(WORKING DATA)

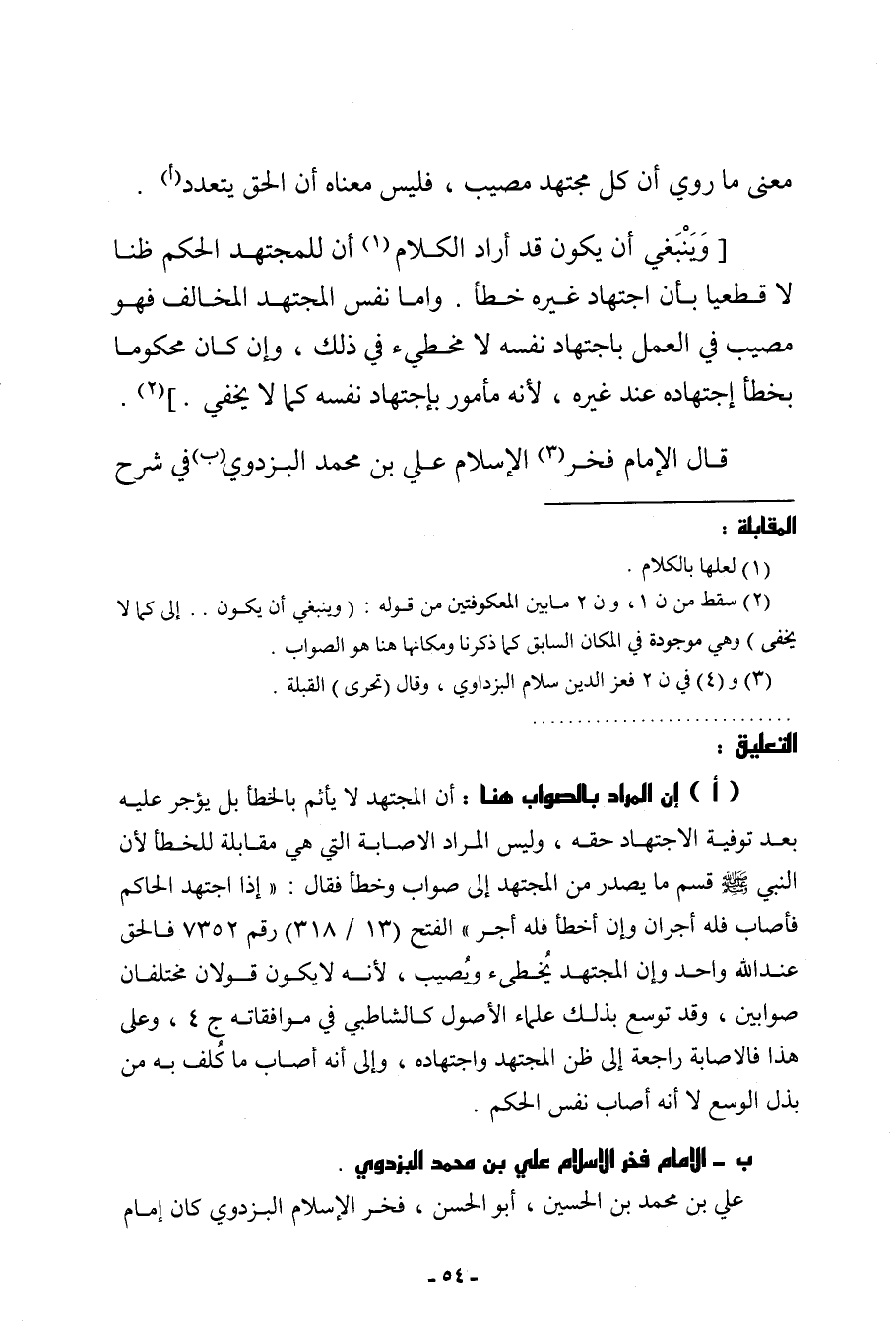 قَالَ الإِمَام فَخر الْإِسْلَام عَليّ بن مُحَمَّد الْبَزْدَوِيّ فِي شرح
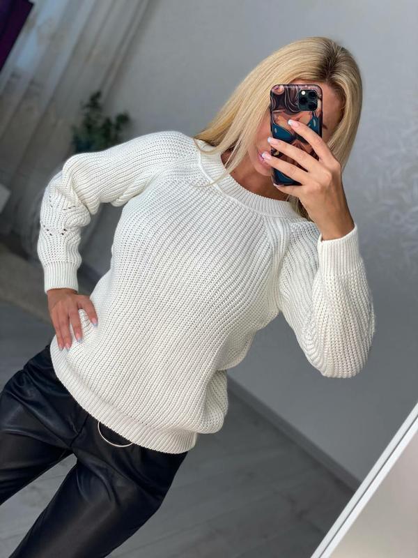 Светрик Модель 5018 Розмір універсал 42-48 Склад 30% акрил, 70% вовна Кольори: джинс, зелений, лаванда, молоко, пудра Заміри виробу в лежачому стані: - довжина 60 см; - ширина 48-56 см; - довжина рукава від горловини 67 см MODN
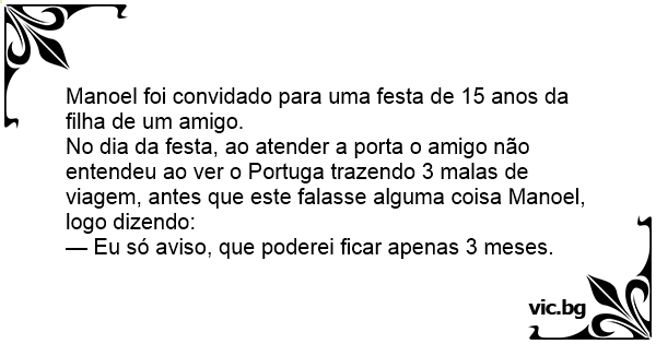 No dia da festa, ao atender a porta o amigo não entendeu ao ver o Portuga trazendo 3 malas de viagem, antes que este falasse alguma coisa Manoel, logo dizendo:
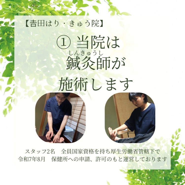 | 鍼灸院名 | 吉田はり・きゅう院 (よしだはり・きゅういん) |
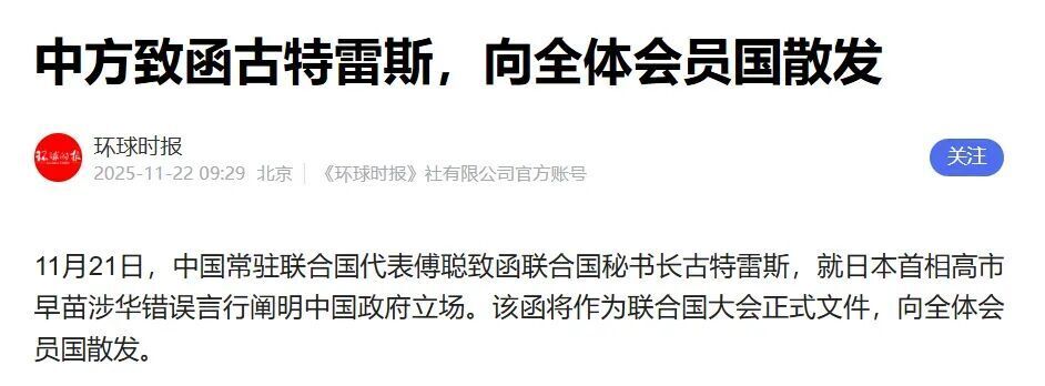 11月21号,中国常驻联合国代表给联合国秘书长古特雷斯致函。
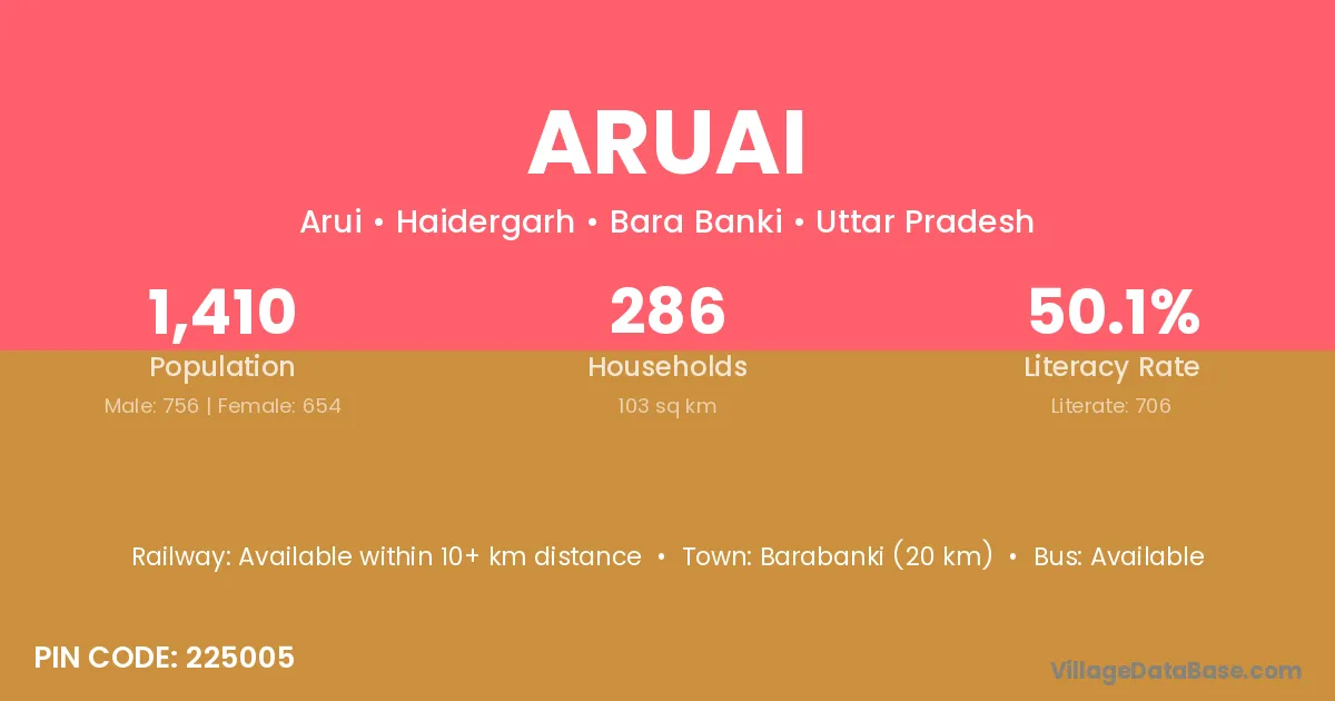 Barabanki (20 km) is the nearest town to Aruai village for major economic activities and is located approximately 20 km away.
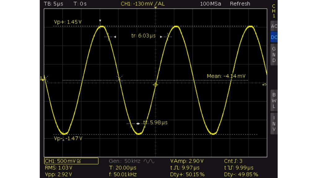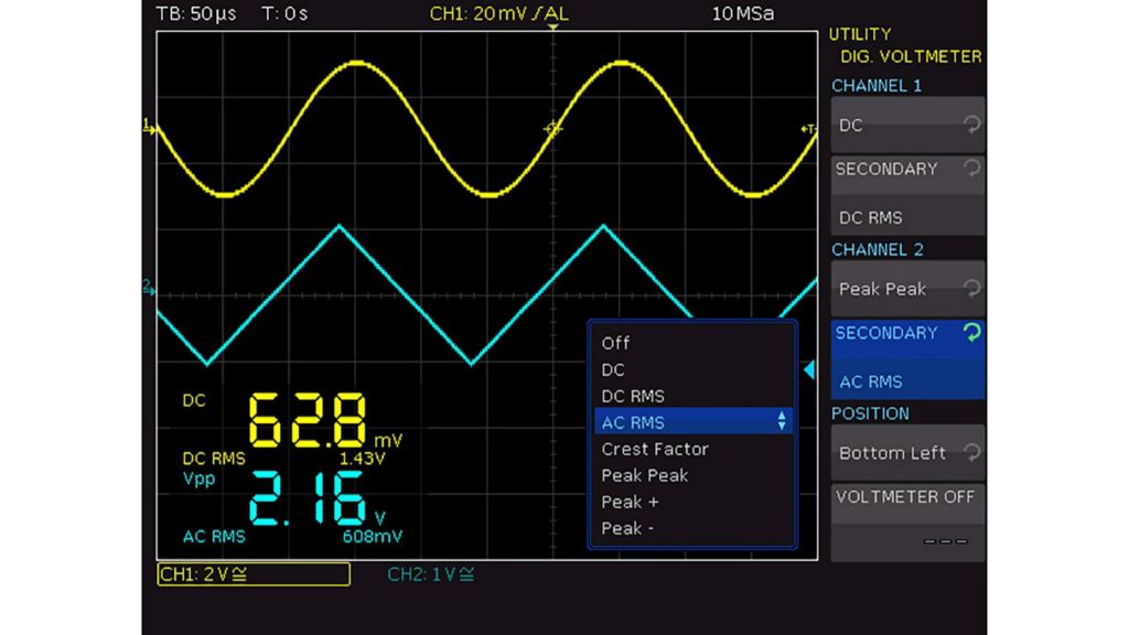 R&S®RTC1000에는 각 채널에 3자릿수 디지털 전압계(DVM)와 6자릿수 주파수 계수기가 탑재되어 있어 동시 측정이 가능합니다. DC, AC + DC (RMS) 및 AC (RMS) 측정 기능이 기본 제공됩니다. | 오실로스코프를 이용한 전압계 계측 |

(End WORKING DATA)

= WHAT YOU ARE ASKED TO DO =
Omit the pictures and print again exactly the lines from the one with "Светрик Модель 5018" through the final line of the entries, both ends included.

= YOUR RESPONSE =
 Светрик Модель 5018 Розмір універсал 42-48 Склад 30% акрил, 70% вовна Кольори: джинс, зелений, лаванда, молоко, пудра Заміри виробу в лежачому стані: - довжина 60 см; - ширина 48-56 см; - довжина рукава від горловини 67 см MODN
 No dia da festa, ao atender a porta o amigo não entendeu ao ver o Portuga trazendo 3 malas de viagem, antes que este falasse alguma coisa Manoel, logo dizendo:
 | 鍼灸院名 | 吉田はり・きゅう院 (よしだはり・きゅういん) |
 11月21号,中国常驻联合国代表给联合国秘书长古特雷斯致函。
 Barabanki (20 km) is the nearest town to Aruai village for major economic activities and is located approximately 20 km away.
 R&S®RTC1000에는 각 채널에 3자릿수 디지털 전압계(DVM)와 6자릿수 주파수 계수기가 탑재되어 있어 동시 측정이 가능합니다. DC, AC + DC (RMS) 및 AC (RMS) 측정 기능이 기본 제공됩니다. | 오실로스코프를 이용한 전압계 계측 |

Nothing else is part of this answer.